If you look at the weather app on your phone, you will see that it gives more and more data besides the expected temperature and the current temperature. Sun up/down, wind force, wind direction, rainfall probability and amount, are some parts of the extra information. Wind chill is also one of them; how does the current temperature feel?
Determining this number is done by collecting a lot of data, reviewing, analysing and making connections between them. This way, one can determine this wind chill better and better. 10°C now has a wind chill of 4°C according to the app and tomorrow the same temperature will have a wind chill of 8°C. The difference is mainly in how much wind there is, whether there is any form of precipitation and what the relative humidity (RH) is. This does not include the amount of sunshine and whether or not the sun can be seen.
Wind chill (Image of pch.vector on Freepik)
Wind chill of a plant
What does the calculated wind chill in a weather app have to do with growing our crops, you might ask? More than you might expect. The data and trial results we showed at AnthuraNXT 2023 may fall under that. What is the wind chill of the prevailing greenhouse climate for the plant, how does the plant grow under those conditions and is that equivalent to the previous time at the same measured greenhouse climate? These are all questions that concern us. We discuss this with Marcel van Twist, Research Manager for Cultivation Research.
Marcel van Twist.
In several trials at Anthura and in external trials, we see that this is not always the case. With some regularity, we saw that with the same ‘created’ greenhouse climate, and the same measured values in the measurement box as the outcome, we could get a different growth or shape. An example of this is as follows: 150 umol of light at 20°C, 700 ppm CO2 and an RH of 70% can give different growth, crop shape or production in different trials, as well as in different growers. After analysis, it seems that the way the greenhouse climate was made was sometimes more explanatory of the results found than the measured greenhouse climate itself. Light, radiant heat, air movement, evaporation space, radiation, substrate humidity and a few more values had a lot of influence on the final results, making modulating growth – making a digital twin – a lot more difficult than expected. The question soon arose: can we also summarise these values into a kind of feel-good temperature for the plant and thereby better predict growth, shape and/or production?
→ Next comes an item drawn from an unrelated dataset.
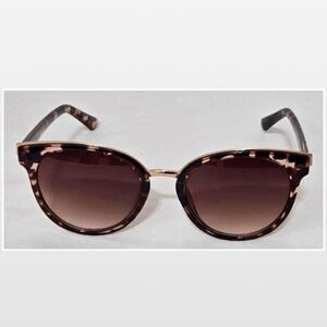 Sunglasses Womens OS Cat Eyes Round Brown Tortoise Shell Gold Accents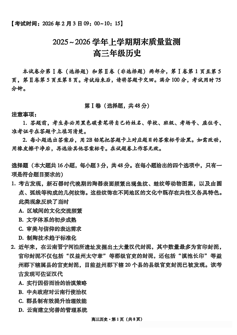 保山市2025~2026学年高三上学期期末质量监测 历史试题(含答案).pdf

This also immediately gave an explanation as to why comparing just measured values is not enough. You also need to look at how the climate was made, how the plant experienced this climate, what the light source was, for example, whether there was supportive air movement, etc.
An example
For example, 100 umol of light in January versus 100 umol of light in May gives a different growth, even though all other measured values are the same (temperature, CO2, RH). The energy content of the light in May is many times higher, which causes the plant and certainly the substrate to become warmer than in January. An entirely different microclimate is created, which the plant experiences differently and as a result the wind chill factor is higher in May than in January. Many a grower sometimes indicates; this climate does not feel good, despite the measuring box indicating that the values are the same. 20°C with sun also always feels warmer than 20°C without sun.
So the major influence of wind chill on plant growth made it difficult for us to develop a digital twin (growth model) in the past. Not only did we have to look at the measured values used to feed the model, but also how these values came about. Ee other factor that came into play was that not every breed responded the same to the changing climate. Some trials showed opposite results just by using other varieties in the trial, which in turn gave different results or results with a very wide margin (see diagram below).
The question arose “Can we calculate, or approximate, these values?” For this, long-term trials have been and continue to be conducted with varying genetics.”
Response to a change of only room temperature in phalaenopsis (Source: Anthura).
The switch from SON-T to LED also clearly showed this. Replacing a light source was not enough, as the plant temperature stayed behind. Adding the difference to equalise it was not enough. So is the difference between the room temperature and the plant temperature more important than just the room temperature? Is this smaller under LED? Is the non-heating of the substrate during the light period and its afterglow in the dark period perhaps the problem? We saw differences of sometimes 2°C between different light sources here, which could also explain part of the increased underground growth.
Effect of room and substrate temperature on growth, green circled is the control treatment.
Experiments conducted as a result of these measurements had the result that if we compensated for the missed temperature (substrate temperature) rather than the room temperature, we ended up much closer to summer growth (see also picture). This was new and good information for developing a growth model and perhaps a puzzle piece for calculating the wind chill.
All the results of our own and external trials regularly give us food for thought and make us realise that we still do not understand plant growth well enough. It teaches us that we should always look at results from several angles and that results from trials at other locations or with other varieties can give different results. Results that can be either positive or negative. When we replace something during cultivation, we need to look more often at what we are actually replacing all of it. Do you know what you are replacing when you hang a different type of light source, change your substrate mix or substitute variety x for variety y?
We are getting further and further along. Especially if we can convert the measured climate values into a wind chill for the plant or if we can decipher, calculate and/or rather measure them. Then we can more easily replace, change, compare things in cultivation and predict or explain the outcomes. Together with the expected or associated greenhouse climate, we will then be able to make a prediction for the coming period. Unfortunately, this will take some time, but we are on the right track.